Identifiable information: See ‘Personally identifiable data’.

Identifier: An item of data, which by itself or in combination with other identifiers, enables an individual to be identified.

Implied consent: an unwritten agreement between the patient and the health and social care professionals that provide their care that allows their data to be collected, processed and shared as long as it is relevant for their care, that it is kept confidential and the patient has not objected.

Indirect care: purposes other than individual care of the patient. This includes activities that contribute to the overall provision of services to a population as a whole or a group of patients with a particular condition. It also covers health services management, preventative medicine, and medical research. Examples of such activities would be risk prediction and stratification, service evaluation, needs assessment, financial audit.

Information governance: this is how organisations manage the way that any data is handled within the health and social care system in England. It covers the policy and legal requirements that organisations need to meet to ensure that data is handled legally, securely, efficiently, effectively and in a manner which maintains public trust.


Linkage: The merging of information or data from two or more sources, with the object of combining facts concerning an individual or an event, which are not available in any separate record.


Machine learning: A sub-discipline of artificial intelligence, regarding the ability of a software/computer to learn from its environment or from a very large set of representative data, enabling systems to adapt their behaviour to changing circumstances or to perform tasks for which they have not been explicitly programmed.


Patient data: Data that is collected about a patient whenever they go to a doctor or receive social care. It may include details about the individual’s physical or mental health, such as height and weight or detail of any allergies, and their social care needs and services received.

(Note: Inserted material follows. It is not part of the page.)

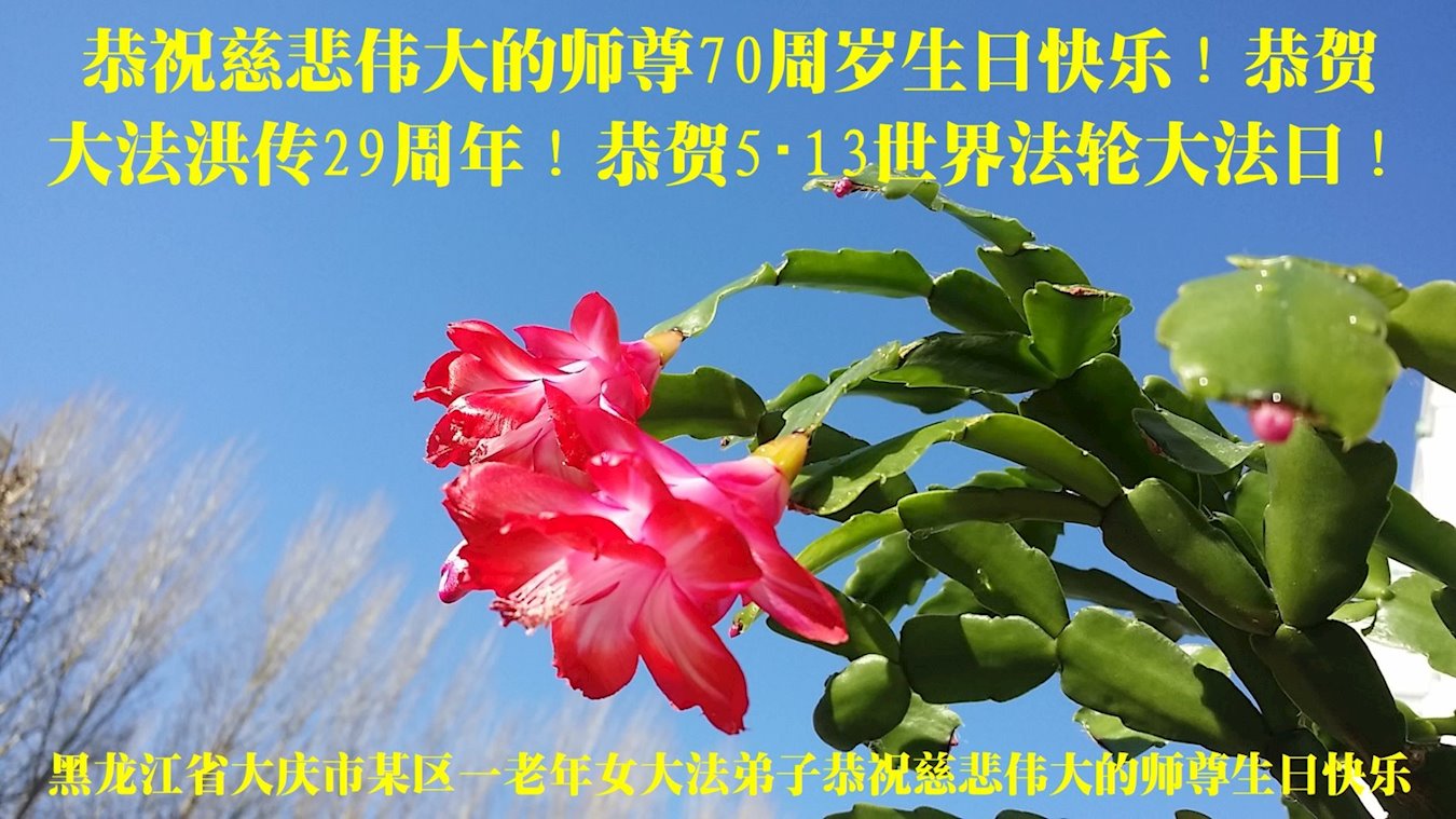 黑龙江省大庆市某区一老年女大法弟子恭祝慈悲伟大的师尊70周岁生日快乐!恭贺大法洪传29周年!恭贺5・13世界法轮大法日!

It may also include next of kin information.

Personally identifiable data: This term describes personal information about identified or identifiable individuals, which should be kept securely and only used for agreed legally approved purposes.

Personal data: According to the General Data Protection Regulation, this is data that relates to a living individual who can be identified from this data, or from a combination of this data and other data which is in the possession of, or is likely to come into the possession of, the data controller.

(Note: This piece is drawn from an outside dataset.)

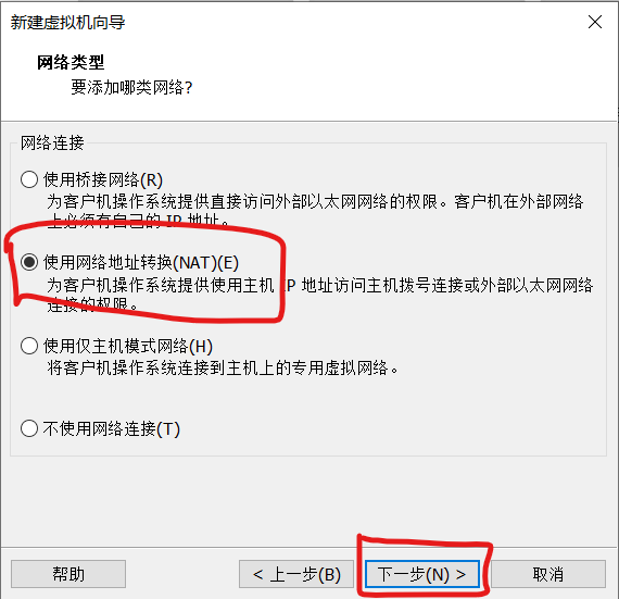 10.选择网络连接类型,具体的介绍按照参考,这里选择NAT,点击下一步

Primary care: Primary care refers to services provided by organisations such as GP practices, dental practices, community pharmacies and high street optometrists.

Pseudonym: a unique identifier (sometimes created by scrambling an actual identifier), which does not itself reveal an individual’s ‘real world’ identity but distinguishes between different individuals in a data set

Pseudonymous Data: The process of distinguishing individuals in a data set by using a unique identifier, which does not reveal their ‘real world’ identity (see also Anonymisation). (read more)

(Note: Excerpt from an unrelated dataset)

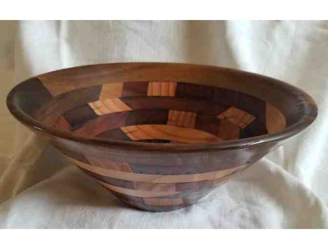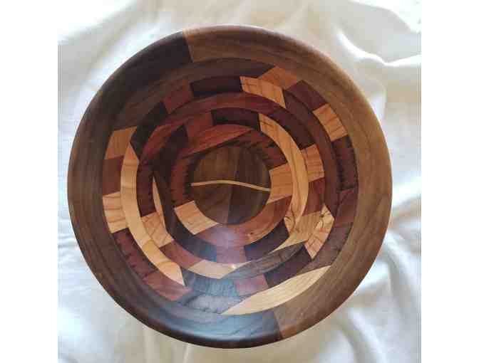 One of a kind Hand-made wooden bowl. This piece of art was created by Grant Francis, beloved retired Woodshop/Stage Crew VHS teacher. The bowl comes with care intructions. Approximately 10 inches wide.

Public interest: Something ‘in the public interest’ is something that serves the interests of society as a whole. The ‘public interest test’ is used to determine whether the benefit of disclosing personally identifiable patient data outweighs both the personal interest of the individual concerned and the need to protect the public’s trust in the confidentiality of services.


Sensitive personal data: Data that identifies a living individual regarding his or her: racial or ethnic origin, political opinions, religious beliefs or other beliefs of a similar nature, membership of a trade union, physical or mental health or condition, sexual life, convictions, legal proceedings against the individual or allegations of offences committed by the individual.

Study Participant: Any person participating in a research study, whether or not a clinical trial. It can refer to patients or healthy volunteers (it does not include health care professionals).